Fairness Through Controlled (Un)Awareness in Node Embeddings
Dennis Vetter, Jasper Forth, Gemma Roig, Holger Dell
TL;DR
This study analyzes how CrossWalk’s hyperparameters $\alpha$, $\beta$, together with node2vec’s $p$, $q$, shape the ease of inferring sensitive attributes from node embeddings, enabling either obfuscation or amplification of such signals to support different fairness notions. Using Pokec-based subgraphs with controlled geography, the authors evaluate Awareness, Disparity, and Performance via Label Propagation and 25-fold cross-validation, demonstrating that high $\alpha$ and $\beta$ induce low awareness (better procedural justice) but can increase disparity and degrade non-sensitive attribute performance.

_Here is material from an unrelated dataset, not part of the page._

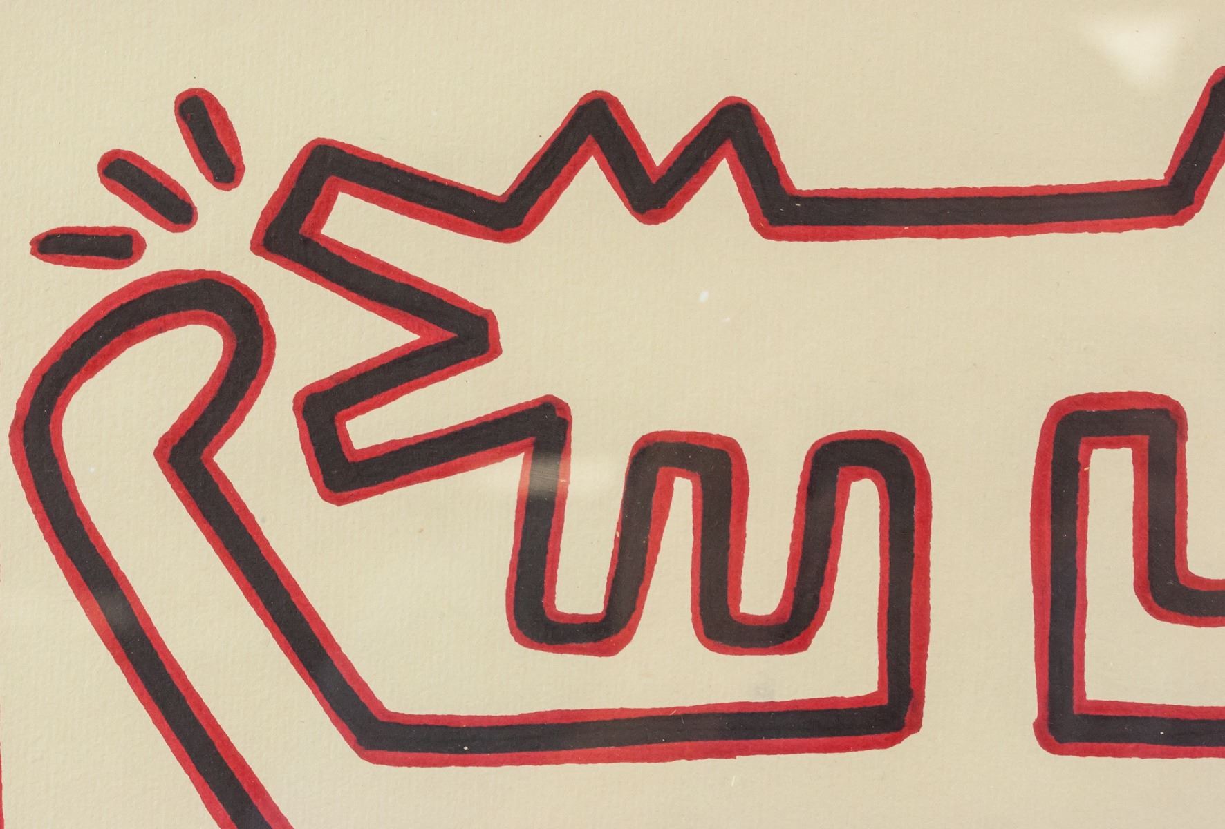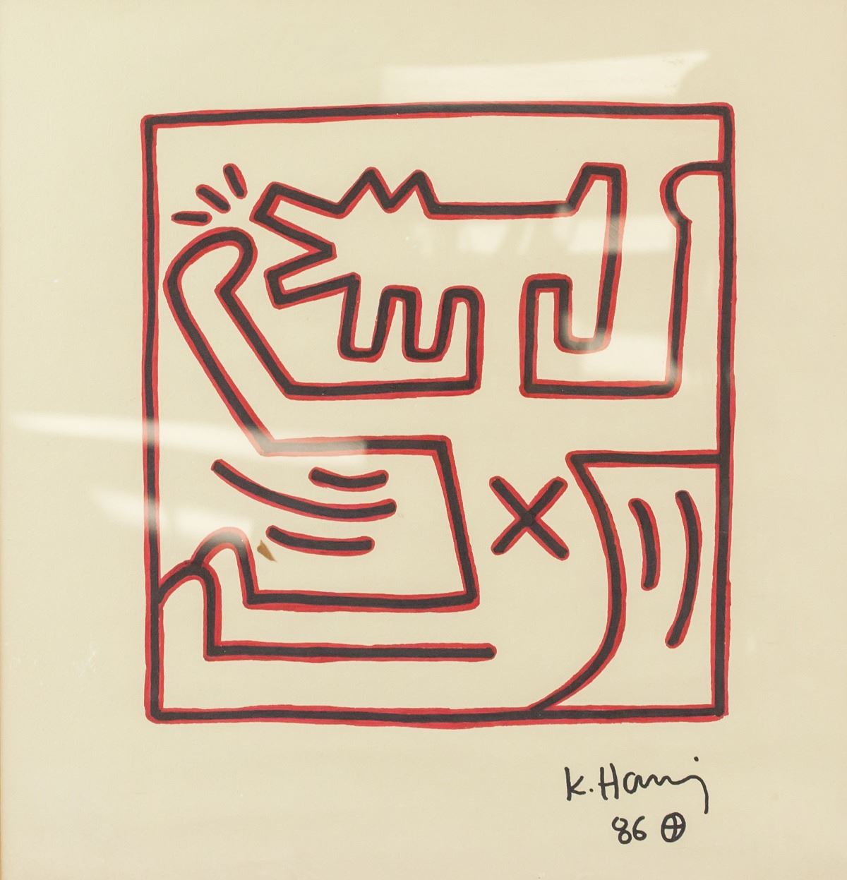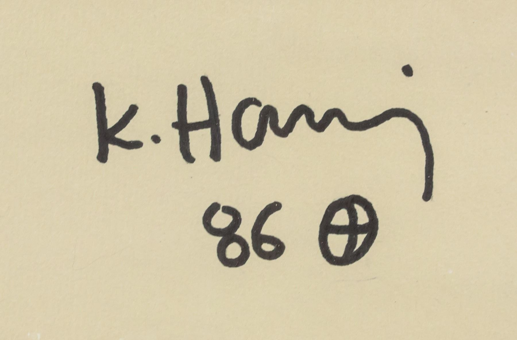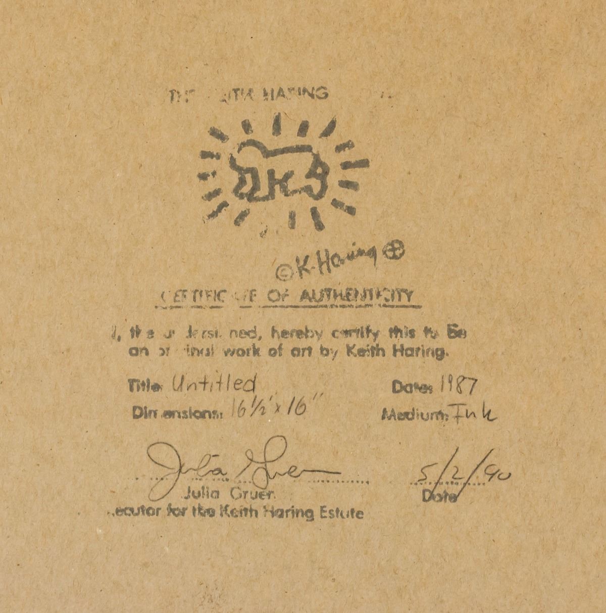 Marker on paper, framed. Featuring abstract human figure. Signed "K. Haring" on the bottom right corner, inscribed with "86" beneath signature. Partially legibly stamp on verso reads "[illegible] K. Haring CERTIFICATE OF AUTHENTICITY [illegible] hereby certify this to be an original work of art by Keith Haring Title Untitled Date 1987 Dimensions 16 1/2" x 16" Medium Ink Julia Gruer Executor for the Keith Haring Estate Date 5/2/90". Sticker affixed to verso reads "TONY SHAFRAZI GALLERY Keith Haring Untitled Marker on Board 16 1/2" x 16" #0281 130 PRINCE STREET NEW YORK NY 10012 TEL 212 271 9300 FAX 334 9499". Attributed to Keith Haring (1958-1990, American). 42 x 40 cm (16.5 x 15.75 inches). Framed size: 63 x 62 cm (24.75 x 24.5 inches). PROVENANCE: This lot carries limited provenance from a Southern Ontario estate

Conversely, low $\alpha$ and $\beta$ raise awareness (better distributive justice) at the cost of fairness across groups and overall embedding quality. The work provides parameterization guidelines and an integrated implementation to compare CrossWalk with node2vec, highlighting practical trade-offs and the potential for misuse if sensitive attributes are exploited.
Abstract
Graph representation learning is central for the application of machine learning (ML) models to complex graphs, such as social networks. Ensuring `fair' representations is essential, due to the societal implications and the use of sensitive personal data. In this paper, we demonstrate how the parametrization of the \emph{CrossWalk} algorithm influences the ability to infer a sensitive attributes from node embeddings. By fine-tuning hyperparameters, we show that it is possible to either significantly enhance or obscure the detectability of these attributes. This functionality offers a valuable tool for improving the fairness of ML systems utilizing graph embeddings, making them adaptable to different fairness paradigms.